SLAF-seq assay design and pilot studies on rice and soybean

To determine the reliability of this method, we performed a pilot study on rice and soybeans. Specifically, we expected that 21,000 and 76,000 SLAFs would be selected by HaeIII and MseI digestion and purification restriction fragments. We expected these SLAFs to be about 380∼450 bp and 370∼440 bp for rice and soybeans, respectively, and to comprise about 0.33% and 0.49% of the rice and soybean genomes [5], [6] (Table 1). Repetitive sequences were controlled within 17.78% and 25.32%, respectively, to exclude most of the repetitive regions in rice and soybeans. Using these schemes, we carried out SLAF library construction and sequencing. In total, 0.5 M and 1.3 M pair-end reads were generated using Illumina Genome Analyzer IIx for rice and soybeans, respectively, by mapping the reads to genomes. About 25,000 and 83,000 SLAFs were observed. The SLAF density and distribution characteristics are shown in Figure 2. The properties of the observed SLAFs were consistent with those predicted for both rice and soybeans. In rice, about 90.18% of the expected SLAFs were present in the observed data, which covered 82.48% of the total reads. In soybeans, 79.32% of the expected SLAFs were observed and 65.86% of the total reads were mapped to the expected SLAFs (Table 1). The average SLAF sequence depth was increased by 19-fold and 12-fold to ensure the base qualities. Repetitive SLAFs were controlled within 19.49% and 25.34%, which were consistent with the expected number. The pilot data indicated that the reliability and quality of this SLAF-seq strategy were relatively high.

Table 1

Pilot SLAF-seq data summary in rice and soybeans.

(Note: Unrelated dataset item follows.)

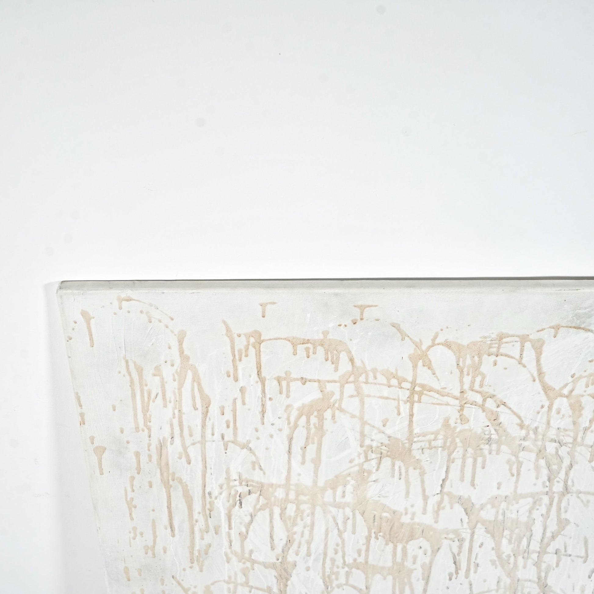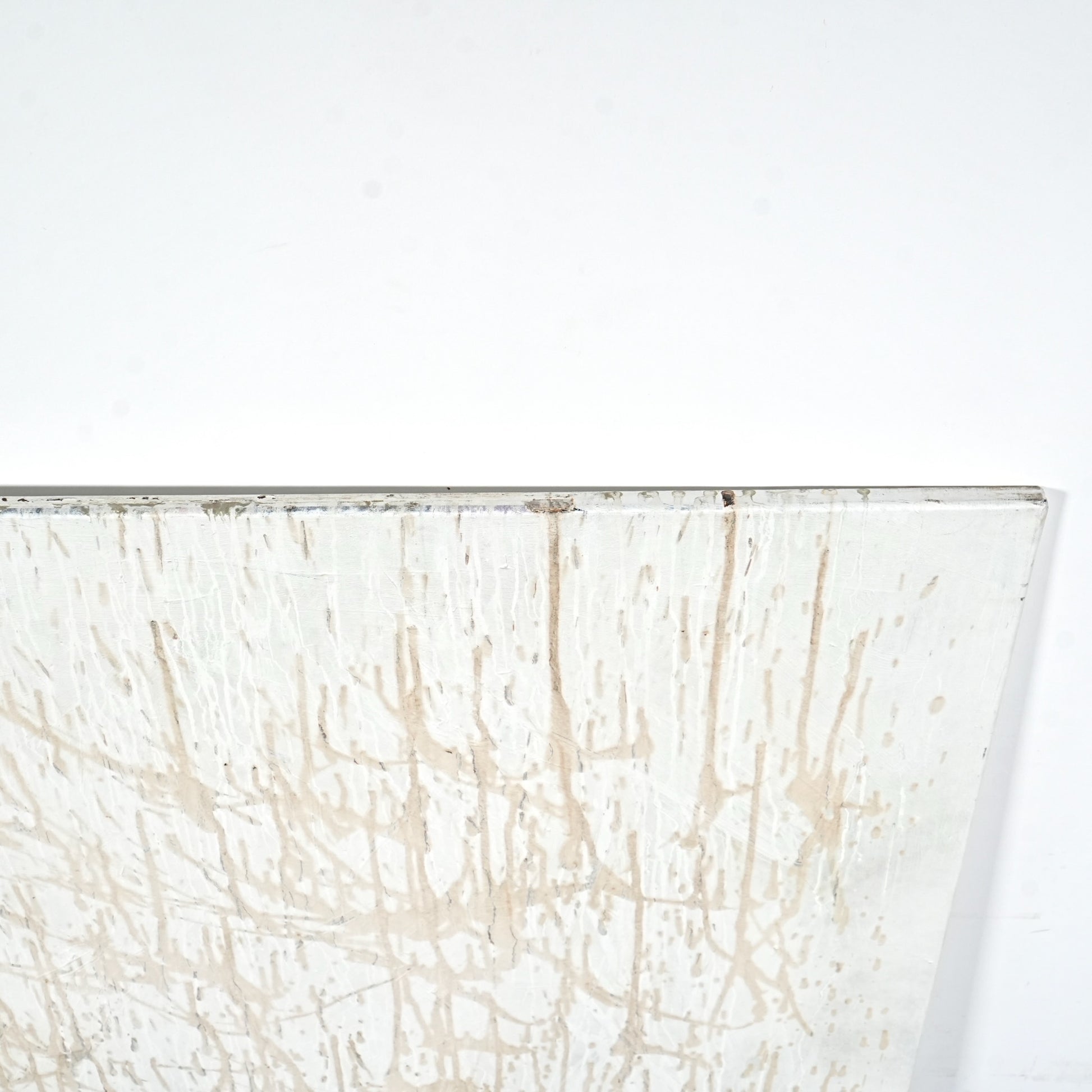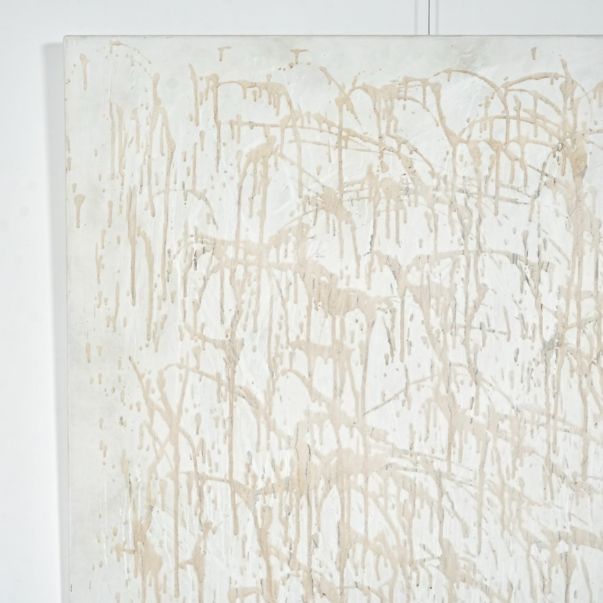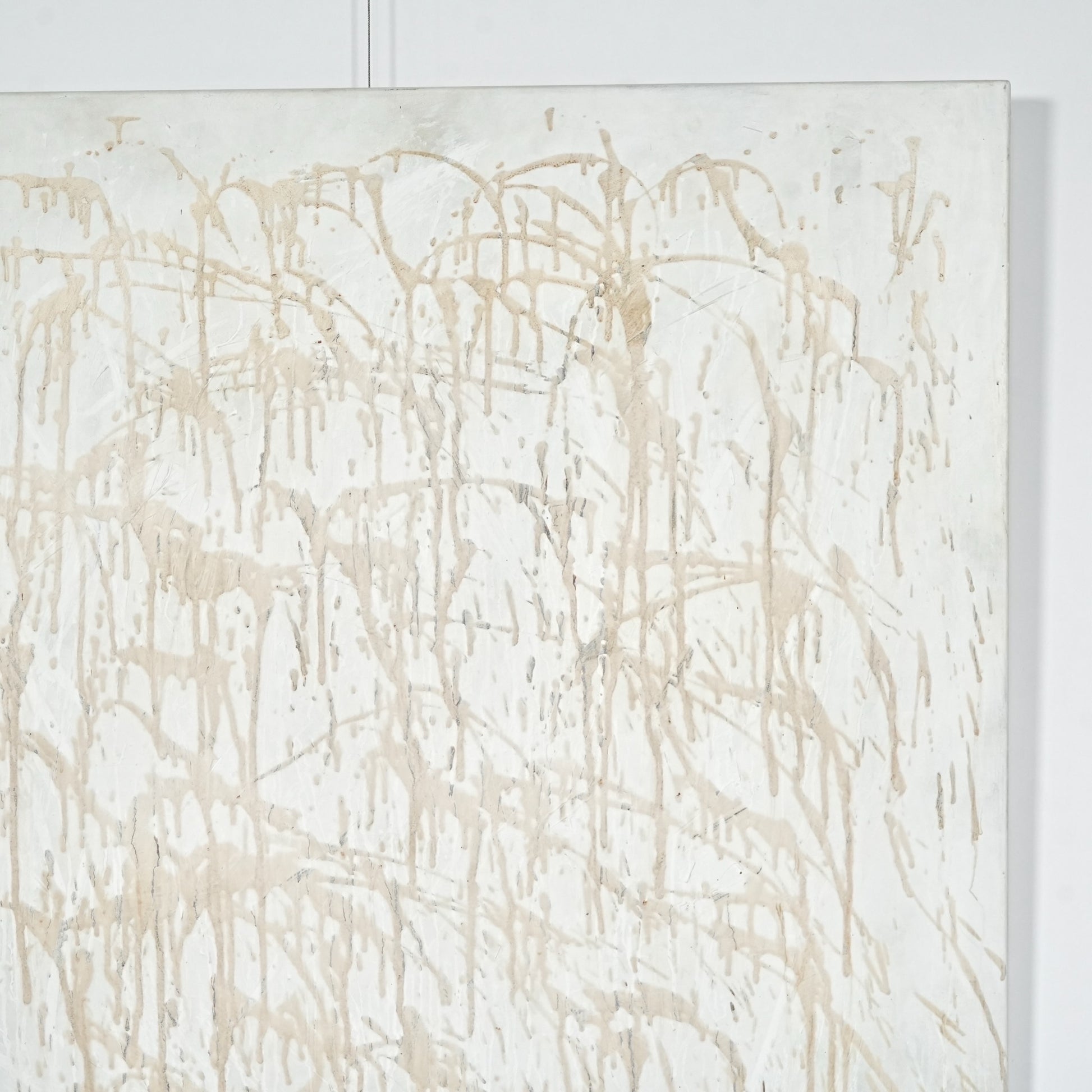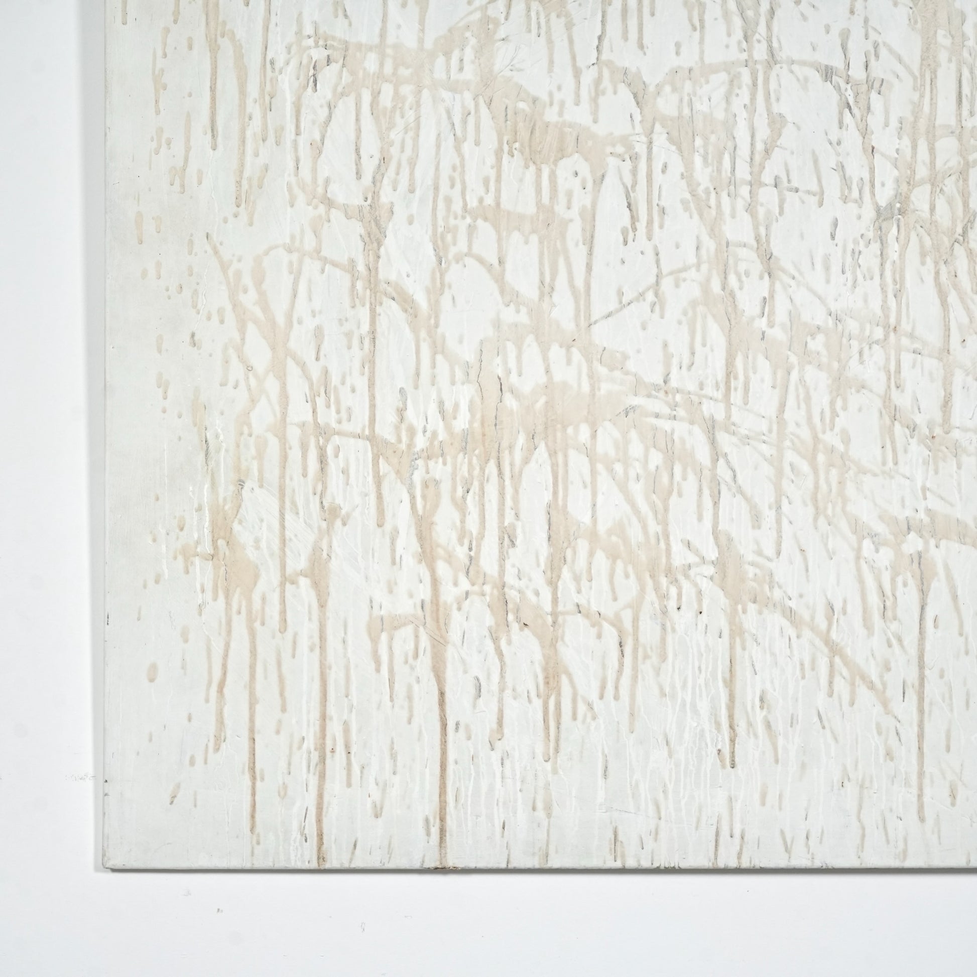 120cm×120cmという特大サイズのキャンバスの上に、淡いトーンの中に垂れ落ちるようなストロークが重なり合い、静けさと動きを同時に感じさせる抽象作品。

Genome information	Rice	Soybeans
Genome size (Mb)	382.79	950.07
% of repeats in genome	39.11%	42.96%
GC content	43.56%	34.67%
Expected information
Enzymes	HaeIII+MseI	HaeIII+MseI
Expected SLAF size range (bp)	384–454	369–439
Expected no. of SLAFs	21,074	76,970
SLAF density per 100 kb	5.51	8.10
Simplification ratio	0.33%	0.49%
% of SLAFs in repeats	17.78%	25.32%
Observed information
Total reads	546,271	1,341,599
Observed no. of SLAFs	25,433	83,055
Matched no. of SLAFs	19,005	61,056
Matched % of SLAFs	90.18%	79.32%
Reads % in matched SLAFs	82.48%	65.86%
SLAF average depth	18.95	12.11
SLAFs per 100 kb	6.64	8.74
Simplification ratio	0.40%	0.52%
% of SLAFs in repeats	19.49%	25.34%

Figure 2

Pilot SLAF-seq data analysis using rice and soybeans.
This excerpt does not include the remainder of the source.